In a sign of the growing closeness of Russia and China, Putin and Xi are communicating with each other more than ever.
While the Ukraine invasion and growing tensions over Taiwan have been factors moving the two closer together, the reality is that this is a trend that has been in the making for well over a decade. China’s ambition to dramatically reduce western influence, and Russia’s drive to re-establish the Soviet empire against the wishes of American and its allies have produced a commonality of interest that grows more intense each year.
Moscow’s and Beijing’s economies have become more intertwined since Putin’s invasion of Ukraine. According to Russia’s semi-official RT news source, “Russia is now in the top three markets for yuan (Chinese currency) payments. The change has come rapidly…Last month, Russian businesses and financial institutions were reportedly involved in nearly 4% of international yuan payments by value, compared to only 1.42% recorded in June…Earlier this week, data tracked by the Moscow Exchange showed that yuan-ruble trading has outpaced the dollar-ruble pairing for the first time, while the yuan-ruble pair exceeded volumes in the euro-ruble pair in late July.”
Radio Free Europe reports that “China’s growing appetite for discounted Russian oil has made it the leading financier of the Kremlin’s war in Ukraine by giving Moscow a reliable revenue source that blunts the impact of tough Western sanctions against its economy…China has overtaken Germany as the biggest single buyer of Russian energy… helping to fill a gap left by Europe, Russia’s biggest export market…Despite being sold at a steep discount, the purchases — along with climbing oil prices — have allowed Russian revenues to grow in the face of Western pressure and given Moscow a crucial financial lifeline to keep funding its war effort.
Energy, of course, is the linchpin of Sino-Russian commerce. A Voice of America analysis found that Russia has overtaken Saudi Arabia to become China’s top oil provider as the West sanctions Moscow’s energy exports…Beijing has refused to publicly condemn Moscow’s war and has instead exacted economic gains from its isolated neighbor.”
Defying international sanctions, Beijing has adopted a policy of “no limits” on trade between the two giant nations. While the U.S. and Europe have crippled their economies with “green” restrictions, Russian sources boast that China purchased 7.42 million tons of Russian coal last month, noting that “China is Russia’s largest coal buyer, taking in more than 50 million tons of the commodity worth $7.4 billion last year via rail and sea, from Russia’s Far East. Russia accounted for roughly 15% of China’s total coal imports.”
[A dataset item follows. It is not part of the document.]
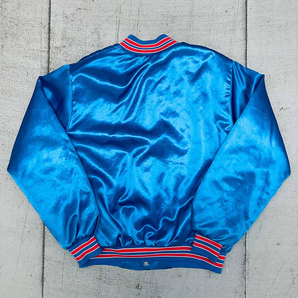 Perhaps, it’s time to consider the material and design of the piece: the collared, cuffed, and hemmed jacket has a lovely ribbed texture to it. Specifically, the snap tab closure at the front gives a traditional touch, whereas full length sleeves of 1991/92 Washington Redskins Super Bowl XXVI Jacket provide coverage throughout the arm. The logo of the Redskins team is boldly given on the chest and when you put on this jacket, there can be no doubt about your preferred team.

The Congressional Research Service reports that Since 2014, China and Russia have reached agreements in trade, energy, finance, technology, and aerospace, while increasing diplomatic and defense cooperation. Bilateral trade has expanded since 2014, but flows are asymmetric. In 2021, China accounted for 18% of Russia’s trade while Russia represented a 2% share of China’s trade. China’s share of Russia’s trade has steadily grown from 11% in 2013, largely at the expense of the European Union.
Even greater growth can be expected. On August 6, Wang Wentao, Minister of Commerce, and Maksim Reshetnikov, Minister of Economic Development of Russia, co-chaired the 25th meeting of the Economic and Trade Cooperation Sub-committee of the China-Russia Prime Ministers’ Regular Meeting Committee. According to the Chinese trade ministry, “The two sides exchanged in-depth views on developing bilateral trade, strengthening cooperation on emerging and key areas, promoting trade and investment facilitation, and deepening cooperation in multilateral arena, and reached several consensuses.”